### Supplied material:

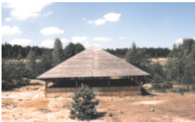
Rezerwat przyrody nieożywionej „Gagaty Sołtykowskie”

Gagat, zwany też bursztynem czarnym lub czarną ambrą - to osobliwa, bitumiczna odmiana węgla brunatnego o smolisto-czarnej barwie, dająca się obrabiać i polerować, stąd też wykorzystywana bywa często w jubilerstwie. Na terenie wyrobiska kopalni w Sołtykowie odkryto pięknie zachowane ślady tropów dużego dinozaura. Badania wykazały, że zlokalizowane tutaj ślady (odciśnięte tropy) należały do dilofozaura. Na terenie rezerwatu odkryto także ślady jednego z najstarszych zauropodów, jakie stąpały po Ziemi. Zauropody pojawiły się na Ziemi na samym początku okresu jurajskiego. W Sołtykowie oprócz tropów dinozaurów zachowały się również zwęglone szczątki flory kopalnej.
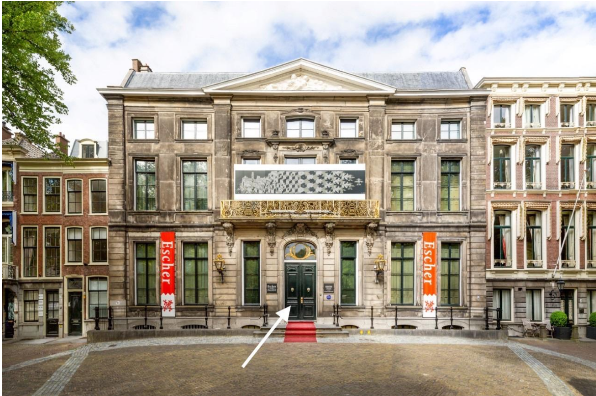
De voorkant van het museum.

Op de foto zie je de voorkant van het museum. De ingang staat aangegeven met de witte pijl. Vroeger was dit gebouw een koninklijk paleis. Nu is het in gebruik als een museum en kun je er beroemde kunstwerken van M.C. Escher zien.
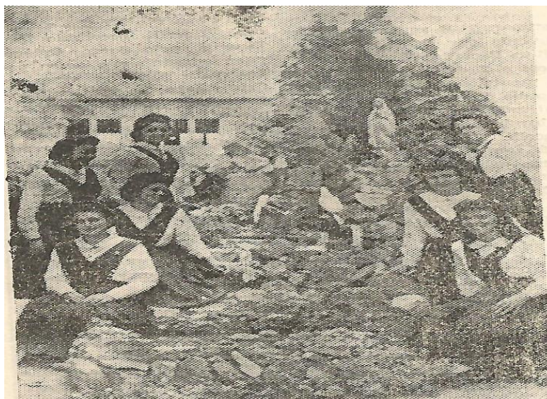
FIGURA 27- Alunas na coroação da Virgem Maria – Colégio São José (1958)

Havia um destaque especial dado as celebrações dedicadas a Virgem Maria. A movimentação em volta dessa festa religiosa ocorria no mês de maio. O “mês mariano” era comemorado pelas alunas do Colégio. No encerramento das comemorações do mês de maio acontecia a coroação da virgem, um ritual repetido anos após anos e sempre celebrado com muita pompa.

--

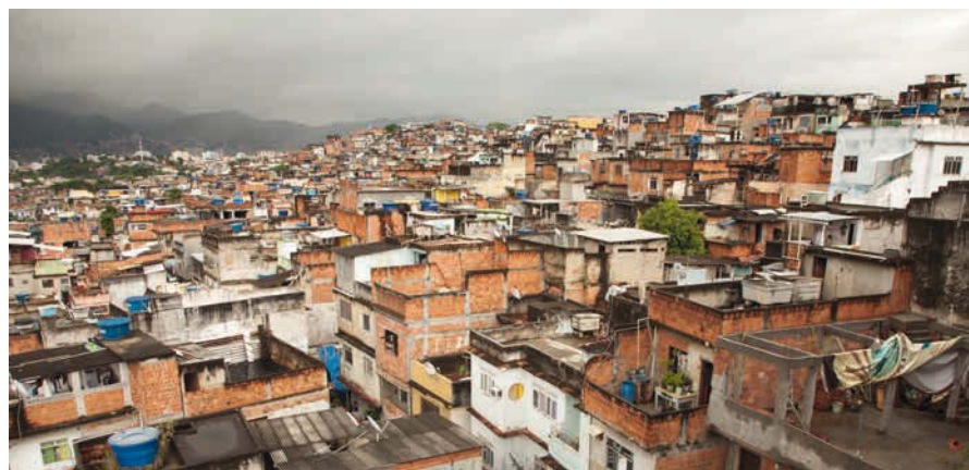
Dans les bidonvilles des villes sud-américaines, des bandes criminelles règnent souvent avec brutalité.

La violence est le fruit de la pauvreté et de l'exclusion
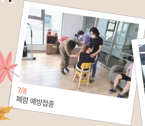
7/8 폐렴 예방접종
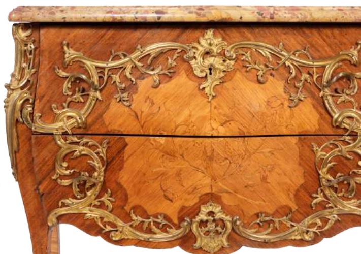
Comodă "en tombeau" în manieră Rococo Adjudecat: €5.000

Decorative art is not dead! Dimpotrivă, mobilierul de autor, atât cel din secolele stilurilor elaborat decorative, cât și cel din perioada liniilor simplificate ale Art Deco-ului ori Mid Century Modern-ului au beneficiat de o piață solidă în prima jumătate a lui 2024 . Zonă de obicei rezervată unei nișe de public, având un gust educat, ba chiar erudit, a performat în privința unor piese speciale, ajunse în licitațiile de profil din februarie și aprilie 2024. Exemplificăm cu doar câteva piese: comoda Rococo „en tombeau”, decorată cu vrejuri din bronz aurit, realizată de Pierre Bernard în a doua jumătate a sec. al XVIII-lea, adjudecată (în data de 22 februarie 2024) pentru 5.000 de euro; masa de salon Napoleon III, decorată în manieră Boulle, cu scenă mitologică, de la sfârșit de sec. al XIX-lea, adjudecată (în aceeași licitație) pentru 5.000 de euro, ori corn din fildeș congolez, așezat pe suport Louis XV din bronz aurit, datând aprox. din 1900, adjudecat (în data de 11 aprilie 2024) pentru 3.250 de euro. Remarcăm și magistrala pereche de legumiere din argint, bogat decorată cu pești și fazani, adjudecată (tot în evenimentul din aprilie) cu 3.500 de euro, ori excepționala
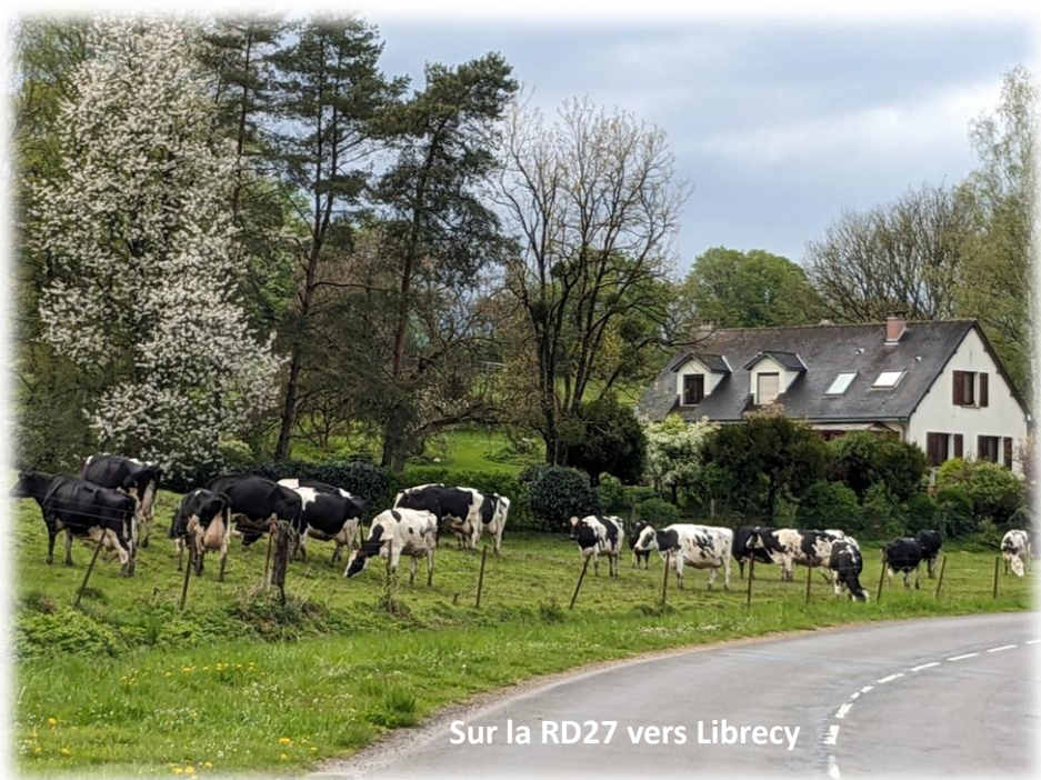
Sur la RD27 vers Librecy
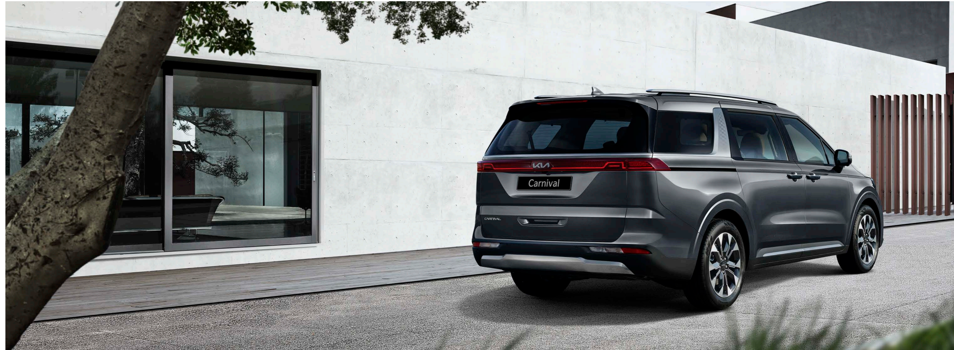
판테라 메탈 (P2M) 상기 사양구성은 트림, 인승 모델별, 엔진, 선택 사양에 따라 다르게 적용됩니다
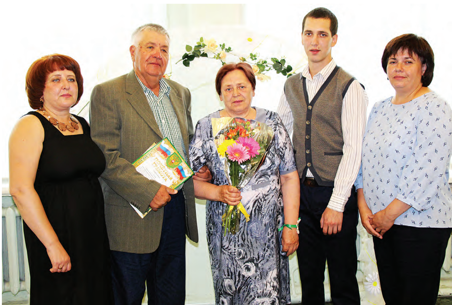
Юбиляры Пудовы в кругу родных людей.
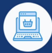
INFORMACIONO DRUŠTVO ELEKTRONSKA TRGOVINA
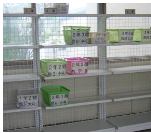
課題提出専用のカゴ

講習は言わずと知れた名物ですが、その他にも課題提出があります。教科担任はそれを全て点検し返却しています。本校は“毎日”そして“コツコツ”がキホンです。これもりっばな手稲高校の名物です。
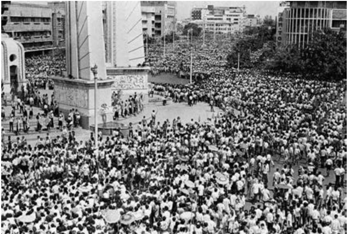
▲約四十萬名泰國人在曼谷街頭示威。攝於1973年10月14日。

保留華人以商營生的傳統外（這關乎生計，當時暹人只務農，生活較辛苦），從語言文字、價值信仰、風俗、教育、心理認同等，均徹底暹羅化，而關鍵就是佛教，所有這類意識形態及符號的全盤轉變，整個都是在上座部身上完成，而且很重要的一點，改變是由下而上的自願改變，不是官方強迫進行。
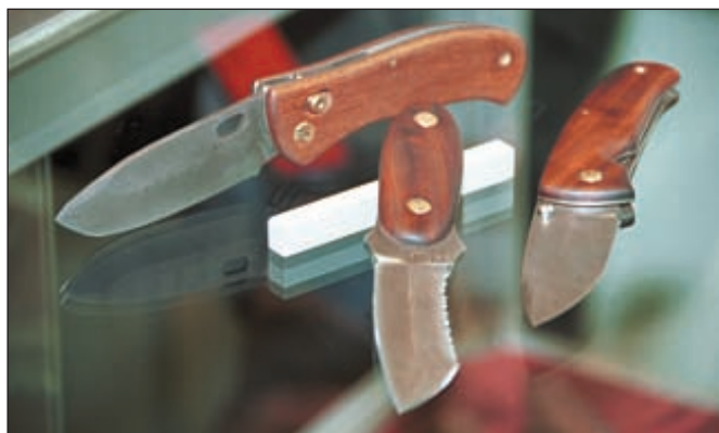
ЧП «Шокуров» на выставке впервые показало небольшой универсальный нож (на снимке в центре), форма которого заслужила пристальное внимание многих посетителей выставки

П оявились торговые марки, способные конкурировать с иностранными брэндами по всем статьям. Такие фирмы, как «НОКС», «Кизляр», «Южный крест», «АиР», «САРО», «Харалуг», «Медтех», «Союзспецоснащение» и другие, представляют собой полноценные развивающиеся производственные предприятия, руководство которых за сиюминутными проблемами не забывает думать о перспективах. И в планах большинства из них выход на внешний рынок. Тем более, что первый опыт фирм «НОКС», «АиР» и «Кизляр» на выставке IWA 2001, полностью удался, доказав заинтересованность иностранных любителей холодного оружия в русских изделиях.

### Assignment:
Wherever the word "museum" appears in a line of the records, count that line. Say how many there are, with no other words.

### Written solution:
2